The mechanism by which IFN-RBV may improve overall survival, even though viral eradication is not achieved, is unclear. One possibility is that IFN may act in ways that are not directly related to its antiviral efficacy, in particular, through its immunomodulatory activity (24). Another possibility is that treatment leads to a reduction of liver inflammation and delays the natural course of the infection. This is supported by the fact that in our study, treated patients with a virological or a biochemical response had better overall survival than treated patients without a virological or a biochemical response. This result, consistent with the results of similar studies previously reported in the literature (21, 25, 26), reinforces the hypothesis that survival is causally related to the effect of treatment and that the better survival observed in non-SVR patients than untreated patients is not due to a bias of indication.

Here we observed that, after a delay of approximately 50 months, no death occurred in the non-SVR patients and the overall survival between non-SVR and untreated patients tended to be parallel after that delay (Fig. 1). This may suggest that a 3- to 4-year interval between two treatment courses may be relevant in order to maintain the protective effect of treatment.

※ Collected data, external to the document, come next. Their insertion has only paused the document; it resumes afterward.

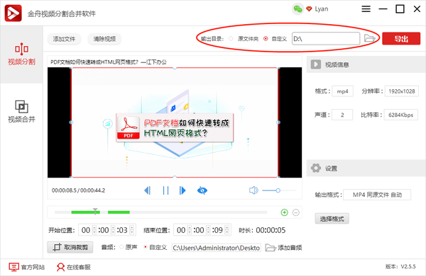 第五步,而第二种方法是,直接在界面底部的【开始位置】和【结束位置】上,直接输入想要截取视频段落的时间点即可。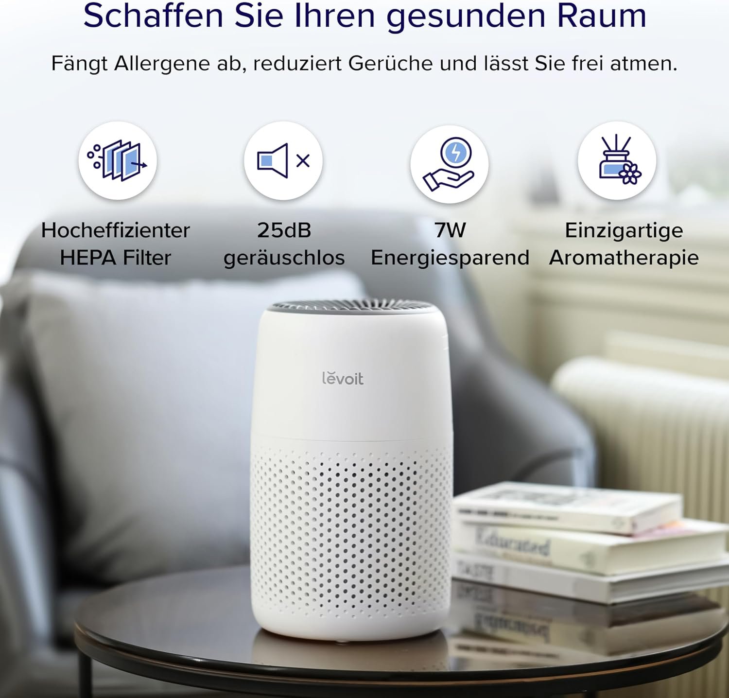 Levoit luftreiniger Allergiker Mit Aromatherapie, Hepa Luftfilter Gegen Schimmel, Staub und Tierhaiare bis Zu 0,3 µm für Schlafzimmer, 7 Watt Energiesparg, 3 Geschwindigkeiten, 25db, Weiiß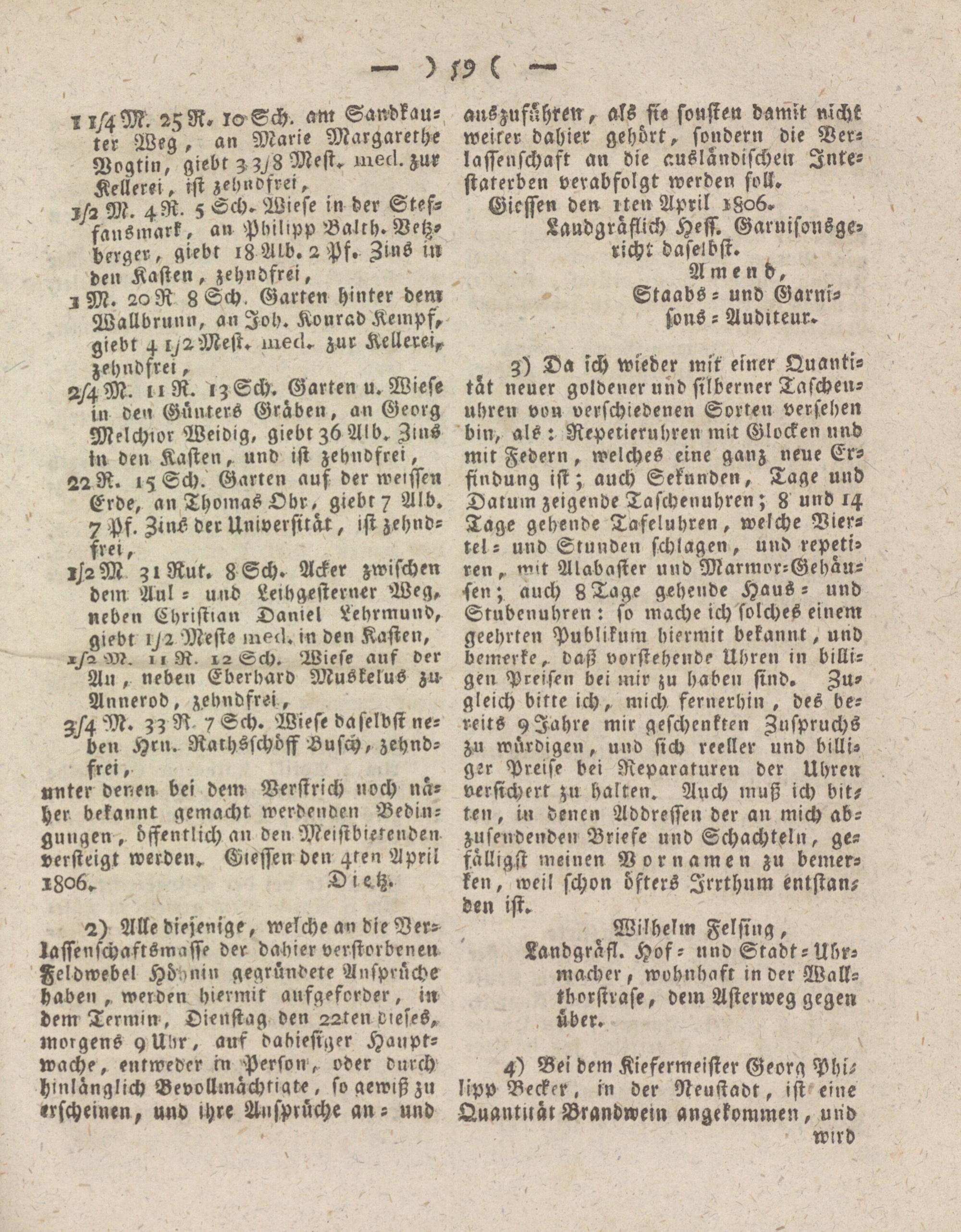 unter denen bei dem Verstrich noch naher bekannt gemacht werdenden Bedingungen , öffentlich an den Meistbietenden versteigt werden, Giessen den 4fen April 1806, Dietz.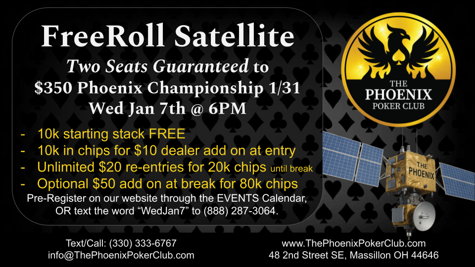 - Players who pre-register on our website or text keyword “WedJan7” to (888)287-3064 to RSVP for a specific event on our website at www.ThePhoenixPokerClub.com will receive a bonus of $2k chips for their starting stack.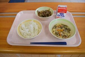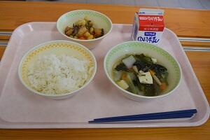 ひじきご飯、みそけんちん汁、小松菜のサラダ、牛乳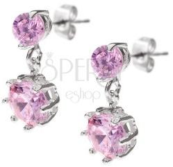 A kis bedugós fülbevaló sterling ezüstből készült. A fejet kör alapba illesztett rózsaszínű kő alkotja. A nagyobb kerek cirkonköves függő karikával csatlakozik a fejhez. A biztonságos viselést a stekker biztosítja. Méret: 6 x 15 mmA fülbevaló súlya: 1,94 gAz ár egy párra vonatkozik. Fémjelzéssel ellátott.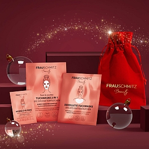Im eleganten roten Samtbeutel verpackt, enthält das exklusive Weihnachtsset drei Tuchmasken der beliebten FRAUSCHMITZ Beauty BYE-BYE-KNITTERFÄLTCHEN Tuchmasken – perfekt für festliche Verwöhnmomente:

In conclusion, IFN-RBV treatment, even if it does not lead to an SVR, was found to improve the overall survival in naive patients with advanced fibrosis. Further studies will be needed to evaluate whether this effect is IFN specific or also exists in the new era of IFN-free treatment.

Supplementary Material

Supplemental material

supp_59_2_803__index.html^{(920B, html)}

ACKNOWLEDGMENTS

We all performed the analysis and wrote the manuscript.

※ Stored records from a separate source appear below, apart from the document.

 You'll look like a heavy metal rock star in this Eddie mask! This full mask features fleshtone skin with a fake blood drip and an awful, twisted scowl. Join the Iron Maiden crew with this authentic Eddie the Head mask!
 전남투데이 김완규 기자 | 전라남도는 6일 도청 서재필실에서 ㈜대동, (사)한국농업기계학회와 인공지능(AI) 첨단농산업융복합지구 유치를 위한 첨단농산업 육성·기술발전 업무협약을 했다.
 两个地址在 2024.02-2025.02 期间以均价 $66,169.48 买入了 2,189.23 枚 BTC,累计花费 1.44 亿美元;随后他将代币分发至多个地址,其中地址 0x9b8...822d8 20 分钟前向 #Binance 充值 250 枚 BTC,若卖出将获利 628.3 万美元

J.G. has consulted for Gilead Sciences. P.M. has been a consultant or lecturer for Roche, Schering Plough, Novartis, Gilead Sciences, BMS, MSD, Vertex, Tibotec, Biolex, and Zymmogenetics and has received grants from Gilead Sciences, Roche, and Schering Plough. None of the other authors has any conflict of interest to declare.

Footnotes

Supplemental material for this article may be found at http://dx.doi.org/10.1128/AAC.04027-14.

REFERENCES

1.Lavanchy D. 2009. The global burden of hepatitis C. Liver Int 29(Suppl 1):S74–S81. doi: 10.1111/j.1478-3231.2008.01934.x. [DOI] [PubMed] [Google Scholar]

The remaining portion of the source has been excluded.